悪魔のおっさんと公園で会ってから数週間が経った。僕が泣きじゃくりながら、僕の段ボールハウスに近づく小学生を威嚇していると、困ったような顔をした悪魔のおっさんが現れた。


「出たな!悪魔め!僕の落ちぶれ姿を笑いにきたのか!?」


僕がそう叫ぶと、悪魔のおっさんは何がなんだかわからないといった様子で聞いてきた。


「申し訳ありませんが、契約をしていないので、先日お見せした分しか見通す力が使えません。何があったのか教えていただけませんか?」



白々しいと思ったが、あまりにもしつこく食い下がられるので、公園で会った後、何があったのかを説明することにした。

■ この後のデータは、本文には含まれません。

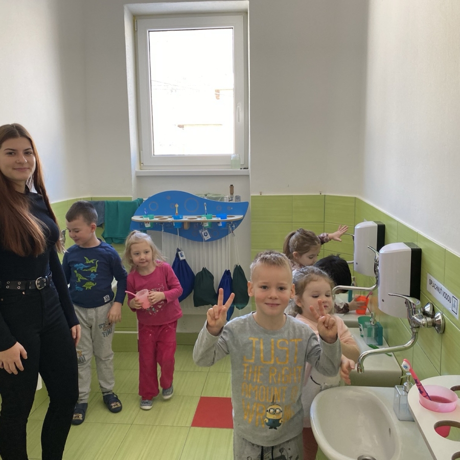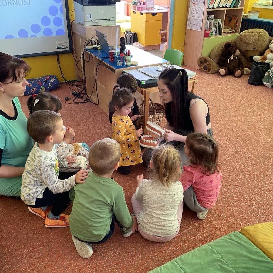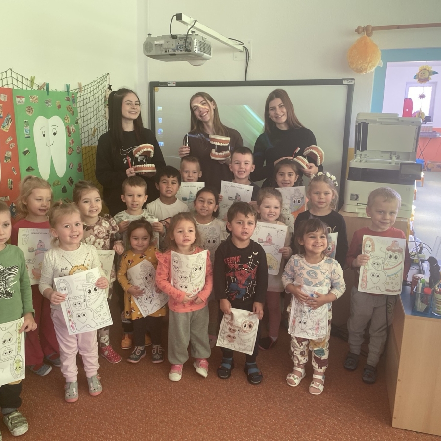 Naše študentky 1. PS B triedy / V. Guzlejová, L. Kolbová, A. Petríková / navštívili MŠ Kravany v rámci projektu Zdravotná výchova, kde sa snažili detičkám hravou formou poukázať na význam starostlivosti o mliečne zúbky. Poskytli im základné vedomosti o zúbkoch, vysvetlili im význam zdravej výživy pre trvalé zúbky, vhodné a nevhodné potraviny ako aj správne postupovať pri ich čistení. Názorne im ukázali a precvičili základné postupy umývania zúbkov. Dievčatá si pripravili pútavú prezentáciu a vhodný materiál k danej téme. Detičkám sa veľmi páčili zúbkové omaľovánky a potrebné pomôcky / zubná niť, medzizubné kefky, špeciálne kefky jednoštetinkové / k umývaniu zúbkov. Ako sme sa dozvedeli z rozhovoru, aj k nim chodí zúbková víla pri strate mliečneho zúbka .....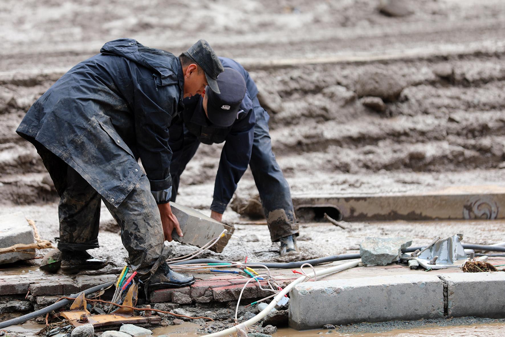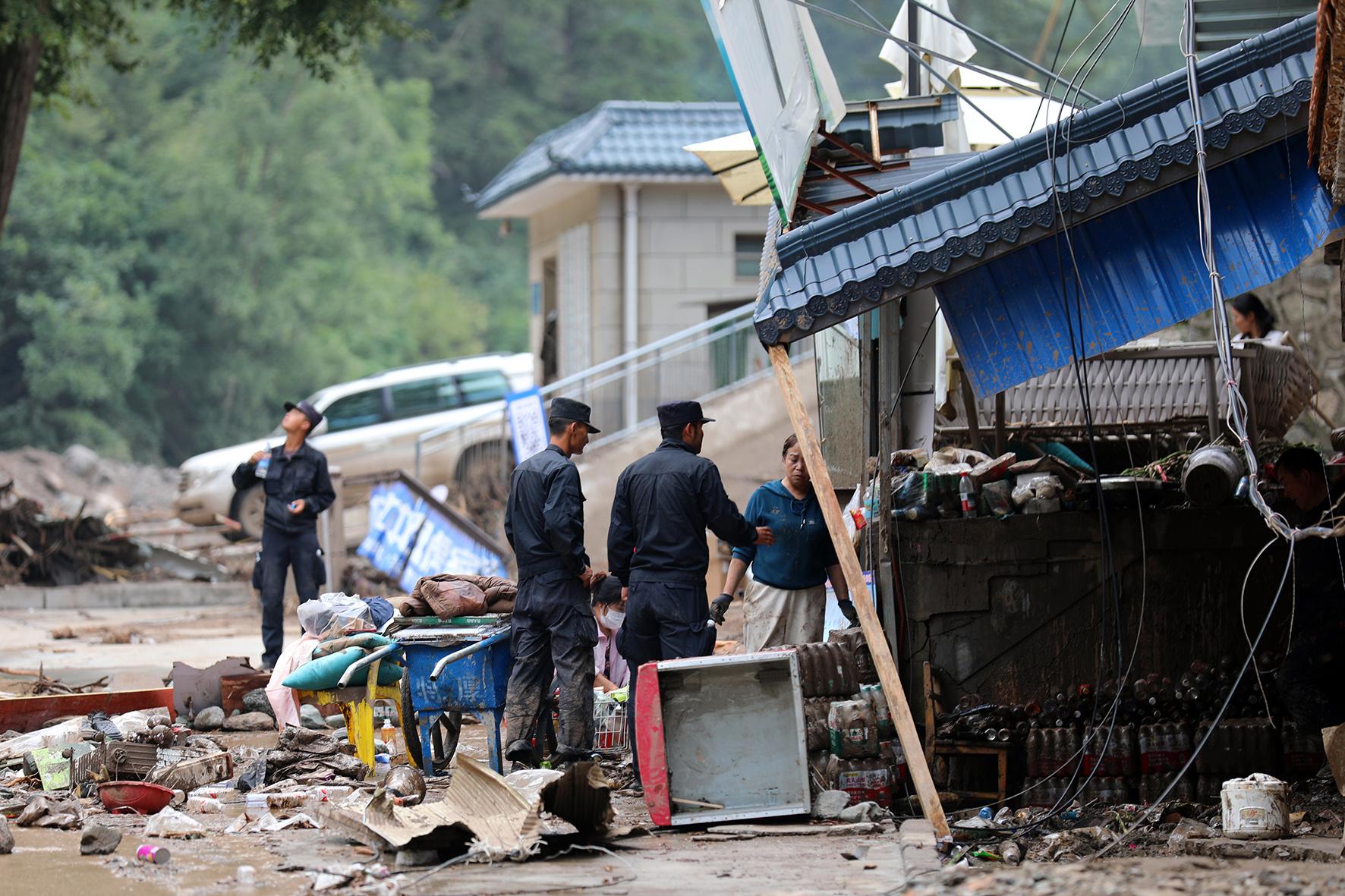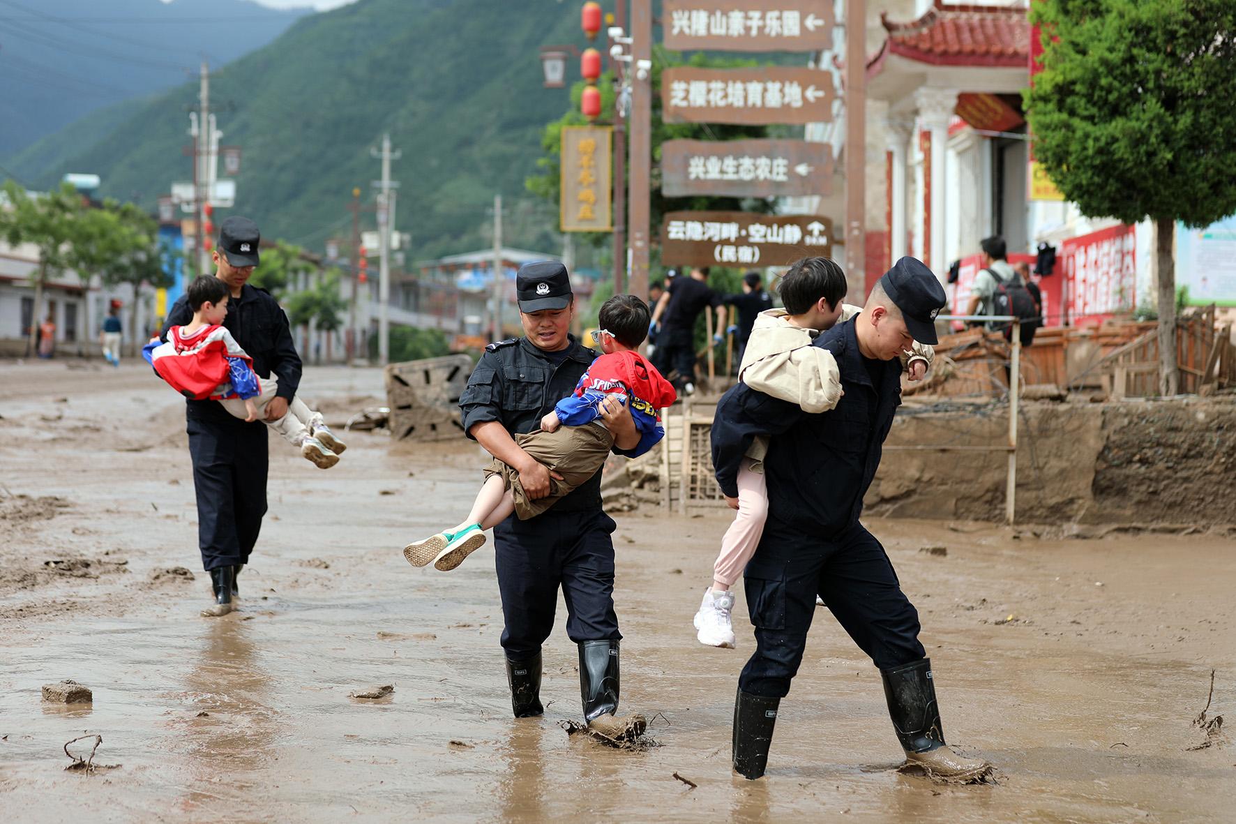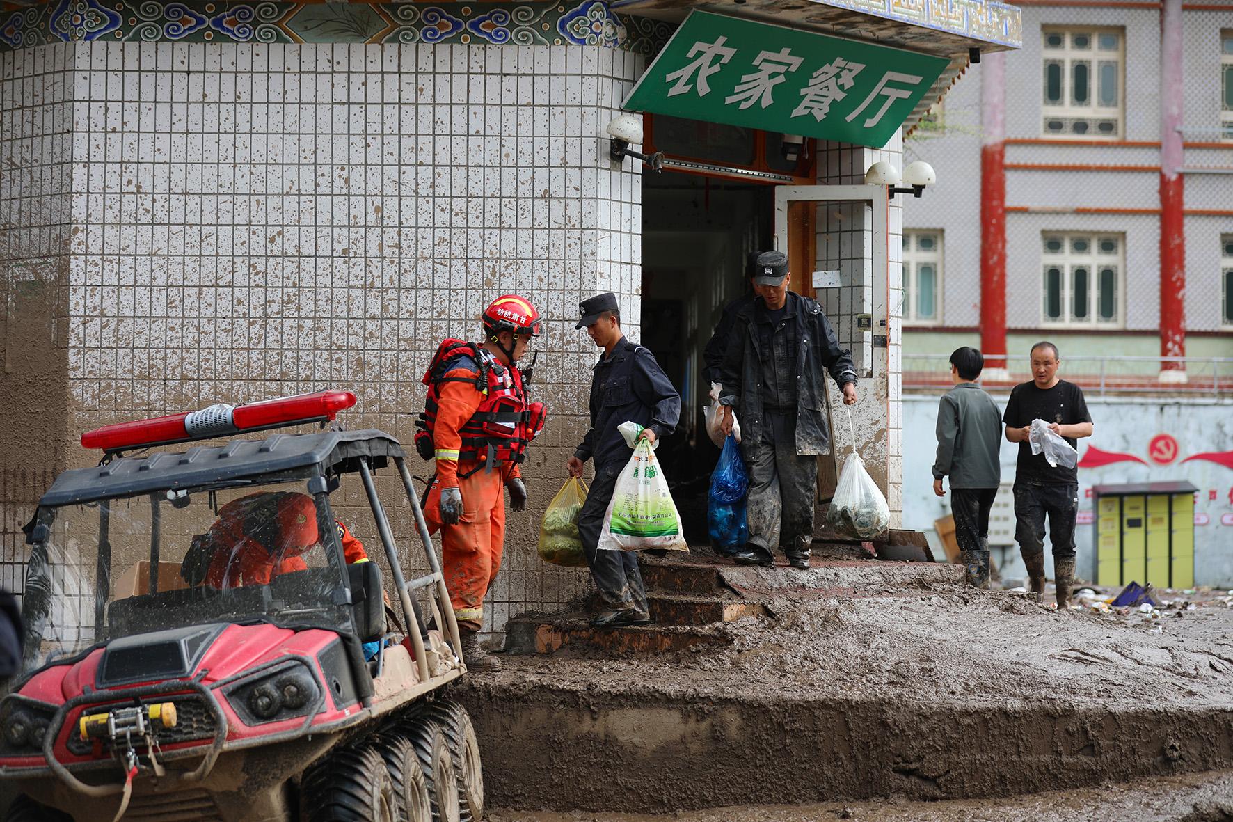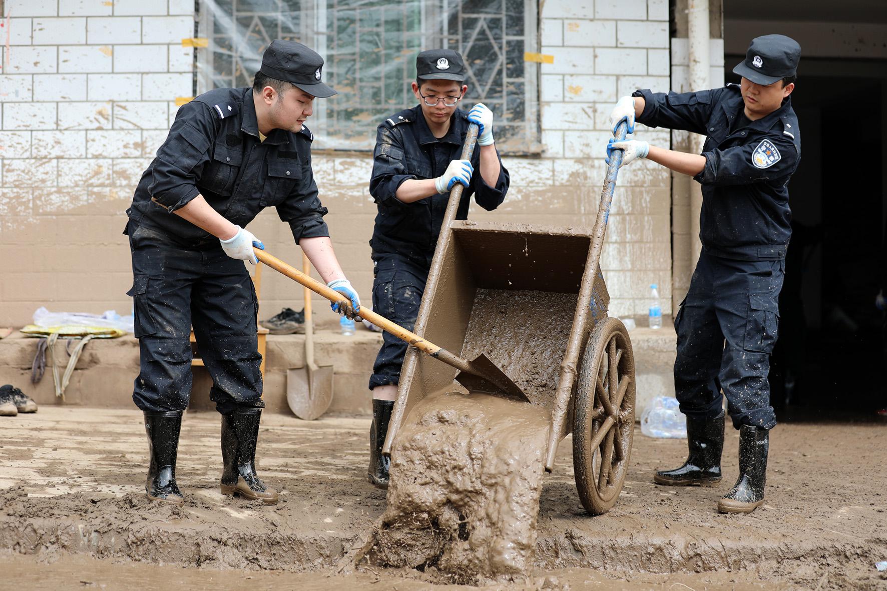 8月9日,甘肅省蘭州市公安局民輔警持續(xù)奮戰(zhàn)在榆中縣救災一線,全力開展受災群眾轉移安置、重要物資搶運等工作。

テレビでやまだやま商社の不正経理のニュースを見た後、普段は見向きもしないやまだやま商社の株価を見ると、確かに大暴落していた。


…あのおっさんは本物だ。


僕は確信し、そしてもう1つの予言を思い出した。


…3日後、大幅な円高に?




趣味で株をやっていたらしい同僚が、やまだやま商社のニュースに顔を青くしているのを見て、僕はふと思い出した。


昨年、この同僚がFXで儲けたと話しているのを聞き、それでは自分もと開設したまま触りもしていない口座があることを…


為替相場がわかってれば確実に大金を儲けられる!上司に怒鳴られるのを我慢して、会社に来る必要もないじゃないか。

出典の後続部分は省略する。